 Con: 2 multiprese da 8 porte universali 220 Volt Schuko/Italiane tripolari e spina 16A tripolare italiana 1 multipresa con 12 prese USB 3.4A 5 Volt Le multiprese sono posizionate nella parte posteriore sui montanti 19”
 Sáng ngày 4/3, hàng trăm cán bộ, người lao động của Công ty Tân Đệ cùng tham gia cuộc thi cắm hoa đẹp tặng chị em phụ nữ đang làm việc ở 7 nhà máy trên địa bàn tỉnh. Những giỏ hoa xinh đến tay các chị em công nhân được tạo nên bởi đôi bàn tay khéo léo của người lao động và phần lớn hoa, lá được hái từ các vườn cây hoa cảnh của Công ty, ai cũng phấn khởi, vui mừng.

----

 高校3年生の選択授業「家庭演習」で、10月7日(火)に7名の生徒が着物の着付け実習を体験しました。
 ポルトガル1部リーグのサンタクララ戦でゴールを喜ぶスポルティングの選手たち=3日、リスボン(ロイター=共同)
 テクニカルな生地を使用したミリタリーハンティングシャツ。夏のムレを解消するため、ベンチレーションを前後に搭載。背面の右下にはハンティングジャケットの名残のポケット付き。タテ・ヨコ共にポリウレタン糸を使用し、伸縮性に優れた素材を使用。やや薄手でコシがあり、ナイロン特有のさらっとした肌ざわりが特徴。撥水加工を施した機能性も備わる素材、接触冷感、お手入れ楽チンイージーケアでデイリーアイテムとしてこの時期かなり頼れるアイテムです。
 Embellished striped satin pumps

----

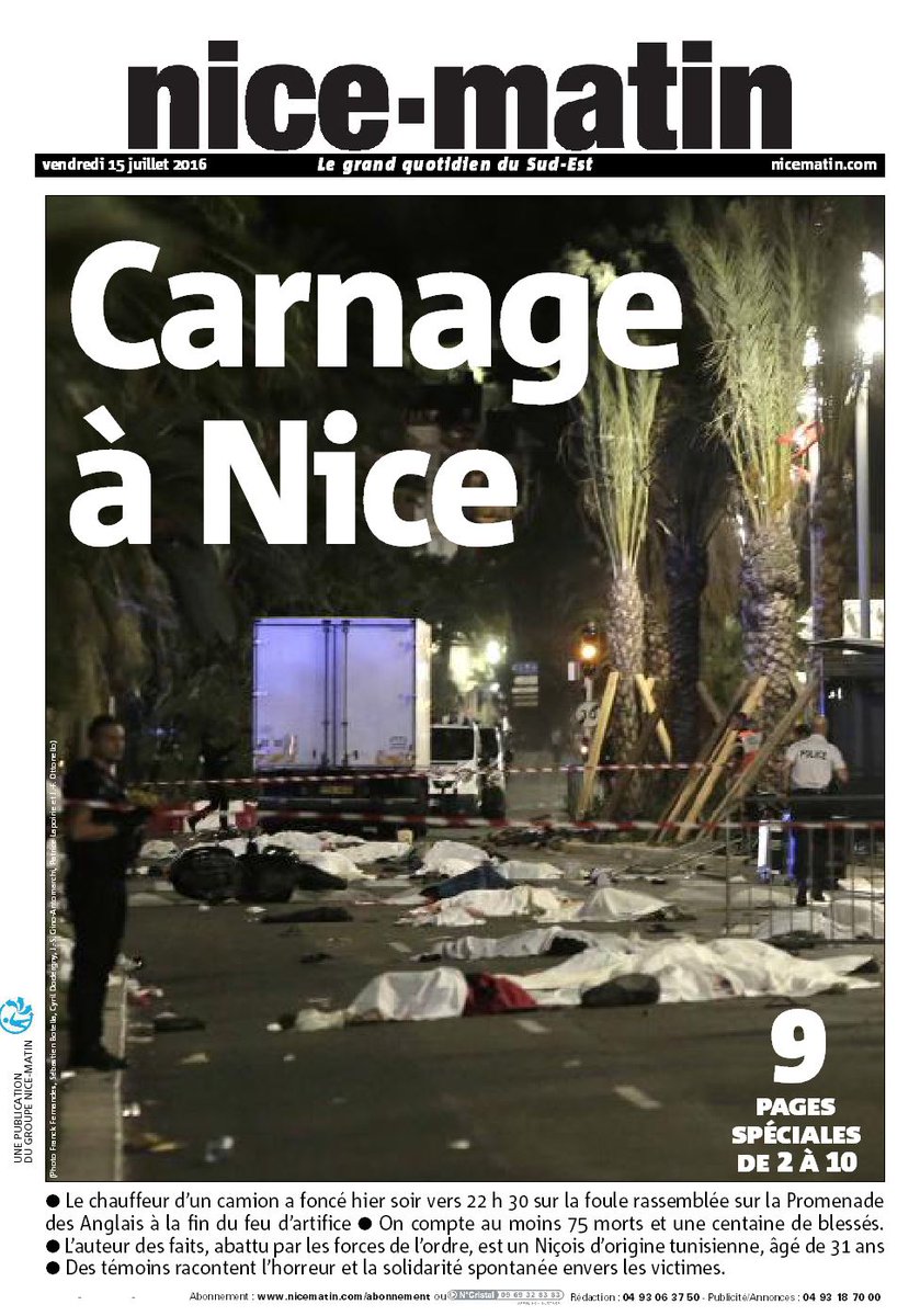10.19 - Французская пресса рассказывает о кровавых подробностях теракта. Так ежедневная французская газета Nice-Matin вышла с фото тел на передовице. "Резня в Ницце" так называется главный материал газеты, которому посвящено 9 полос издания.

----

Starting at the line that has "高校3年生の選択授業「家庭演" in the records above, restate word for word every line until the one that has "Embellished striped satin pumps", and include that one as well.

 高校3年生の選択授業「家庭演習」で、10月7日(火)に7名の生徒が着物の着付け実習を体験しました。
 ポルトガル1部リーグのサンタクララ戦でゴールを喜ぶスポルティングの選手たち=3日、リスボン(ロイター=共同)
 テクニカルな生地を使用したミリタリーハンティングシャツ。夏のムレを解消するため、ベンチレーションを前後に搭載。背面の右下にはハンティングジャケットの名残のポケット付き。タテ・ヨコ共にポリウレタン糸を使用し、伸縮性に優れた素材を使用。やや薄手でコシがあり、ナイロン特有のさらっとした肌ざわりが特徴。撥水加工を施した機能性も備わる素材、接触冷感、お手入れ楽チンイージーケアでデイリーアイテムとしてこの時期かなり頼れるアイテムです。
 Embellished striped satin pumps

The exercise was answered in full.